Software Architecture

This was an interesting read to me because it managed to convey the ideas and the intuition behind the thing that it was explaining (software architecture) without saying a single word about how anyone is supposed to actually go and create ‘a software architecture’. It kind of makes sense, since the thing it is talking about is very abstract itself. “It should do this, and do that without too much of this, and with just the right amount of that, but always taking that into consideration.” But not a word on ‘you might want to use these diagrams’ or ‘use a text file’, ‘a mailing list’. Just ‘a document’.

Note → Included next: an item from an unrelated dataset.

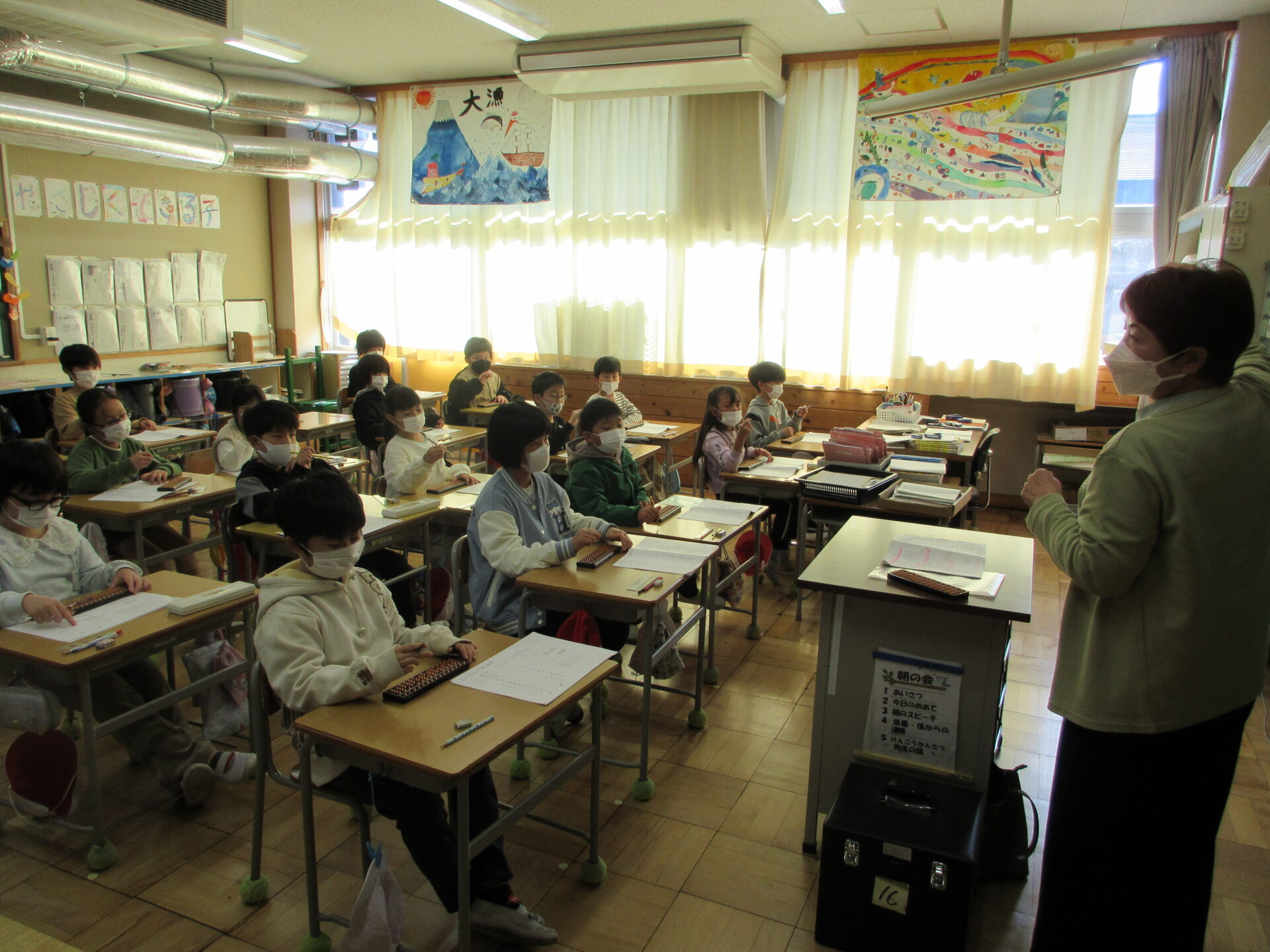 2024.02.16 3年生 立てて、置いて、はじいて 管理者学校 「はい!立てて、置いて、はじいて、、、1+5+、、、、」 パチ、パチ、パチ! けんもくスクールの佐藤先生のご指導の下、子どもたちが一斉にそろばんをはじいています。 先生に追いつこうと、子どもたちも集中力を発揮し、頑張りました!! 「できた!!」「やったあ!あってる!!」 問題を解くごとに、子どもたちの声が教室に響きます! あっという間の2時間でした。 #3年生

What I understood from that is that the document defining software architecture can be a lot of things, because you can do software architecture in a lot of different levels. At the beginning that didn’t quite ‘click’ with me.
But if there’s a position from this reading that I can agree with is this: from a programmer's perspective, knowing about and having your design (or ‘architecture’) in hand is like a guiding light. Like a scuba diver’s lifeline, or the mission objectives in a video game. It keeps you on track. When you take on a project, defining that higher-level ‘solution’ is a problem that you should only solve once, and the solution you produce must be one you can adjust later but most importantly, it must be one you can trust later. Because later you’ll be concentrated solving the fun lower-level implementation details and you don’t want to be questioning why you were doing all this to begin with. No one has time for that, you already went through it. Having that clear ‘architecture’ in mind allows you to go ‘oh, this is why things are this way, this is what that is supposed to do, this is how I’ll make it happen’.

In my experience, I’ve received this guidance from lots of different places: from a well-defined project folder structure (that is initially empty), to an ugly-looking drawing-diagram that conveys just the key points of what the thing I’m working on has to do. This is why I think it makes sense for the author not to talk about the object representing the architecture as anything other than ‘document’.